WHICH became : (sinAcosB+cosAsinB)cosC +(cosAcosB-sinAsinB)sinC.

Then he'd plug in all the numbers for the arctan triangles and there you have the solution.

I was wondering if the formula differed at all when it was TAN. I know that TAN (A+B) = SIN (A+B)/Cos (A+B) afterwards but the C does it become a cos C for tan as well?

 

[wjm11]

I know that
SIN (A+B+C) = SIN ((A+B)+C) = SIN (A+B)COS C + COS (A+B) SIN C

What is TAN (A+B+C) =?

I'm so confused any help would be appreciated.

You have not told us what the directions are for your problem! If you are supposed to express tan(a + b + c) in terms of sine and cos, consider that tanx = sinx/cosx.

 

[soroban]

Hello, Damoo!

What is \(\displaystyle \tan(A+B+C)\) ?

The actual question was find: .\(\displaystyle \tan(\arctan 3 + \arctan 5 + \arctan 7)\)

You can derive that formula if you are very careful.

We know that: .\(\displaystyle \tan(\alpha + \beta) \:=\:\dfrac{\tan\alpha + \tan\beta}{1 - \tan\alpha\tan\beta}\)

We have:

.. \(\displaystyle \tan(A + B + C) \;=\;\tan\big[(A+B) + C\big]\)

. . . . . . . . . . . . . . .\(\displaystyle =\;\dfrac{\tan(A+B) + \tan C}{1 - \tan(A+B)\tan C}\)

. . . . . . . . . . . . . . .\(\displaystyle =\;\dfrac{\frac{\tan A+\tan B}{1-\tan A\tan B} + \tan C}{1 - \frac{\tan A+\tan B}{1-\tan A\tan B}\tan C} \)

. . . . . . . . . . . . . . .\(\displaystyle =\;\dfrac{\tan A + \tan B + \tan C(1 - \tan A\tan B)}{1-\tan A\tan B - \tan C(\tan A+\tan B)}\)

. . . . . . . . . . . . . . .\(\displaystyle =\;\dfrac{\tan A + \tan B + \tan C - \tan A\tan B\tan C}{1 - \tan A\tan B - \tan B\tan C - \tan A\tan C}\)

 

[Damoo]

Wow...

You are a math god.

Formula checks out, finished one part of the assignment all thanks to you.

Just gotta understand it before the exam.

A million thanks for the formula!

 

[Damoo]

Hello, Damoo!


You can derive that formula if you are very careful.

We know that: .\(\displaystyle \tan(\alpha + \beta) \:=\:\dfrac{\tan\alpha + \tan\beta}{1 - \tan\alpha\tan\beta}\)

We have:

.. \(\displaystyle \tan(A + B + C) \;=\;\tan\big[(A+B) + C\big]\)

. . . . . . . . . . . . . . .\(\displaystyle =\;\dfrac{\tan(A+B) + \tan C}{1 - \tan(A+B)\tan C}\)

. . . . . . . . . . . . . . .\(\displaystyle =\;\dfrac{\frac{\tan A+\tan B}{1-\tan A\tan B} + \tan C}{1 - \frac{\tan A+\tan B}{1-\tan A\tan B}\tan C} \)

. . . . . . . . . . . . . . .\(\displaystyle =\;\dfrac{\tan A + \tan B + \tan C(1 - \tan A\tan B)}{1-\tan A\tan B - \tan C(\tan A+\tan B)}\)

. . . . . . . . . . . . . . .\(\displaystyle =\;\dfrac{\tan A + \tan B + \tan C - \tan A\tan B\tan C}{1 - \tan A\tan B - \tan B\tan C - \tan A\tan C}\)

I have a question if you don't mind.
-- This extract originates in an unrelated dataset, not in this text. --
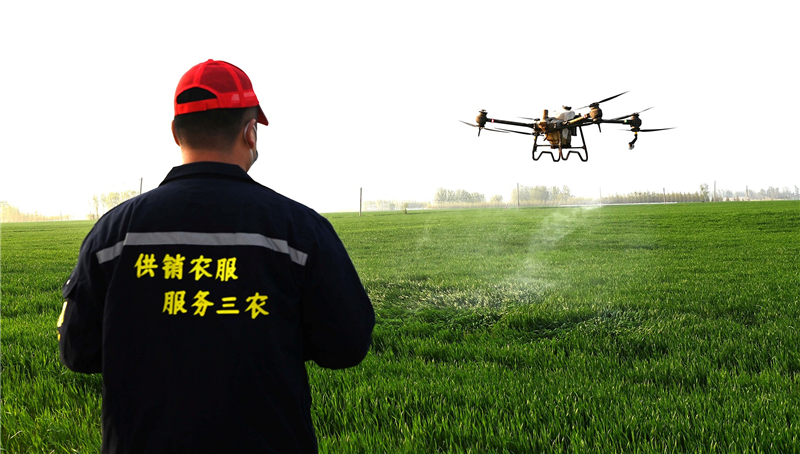 沁阳市供销社三农服务队利用植保无人机为麦田喷洒杀虫剂和营养剂。 本报资料图片

Basically Since \(\displaystyle \tan(\alpha + \beta) \:=\:\dfrac{\tan\alpha + \tan\beta}{1 - \tan\alpha\tan\beta}\)



EDIT: NVM I GOT IT, understand now, not the same thing at all!!!!




So its wrong of me to say:


TAN ((A+B)+C) = \(\displaystyle \:\dfrac{\tan\alpha + \tan\beta}{1 - \tan\alpha\tan\beta} +\tan C\)

 

[JeffM]

Wow...

You are a math god.

Formula checks out, finished one part of the assignment all thanks to you.

Just gotta understand it before the exam.

A million thanks for the formula!

Do not memorize formulas. Learn methods.

 

[Damoo]

Do not memorize formulas. Learn methods.

True dat playa! Best advice ever.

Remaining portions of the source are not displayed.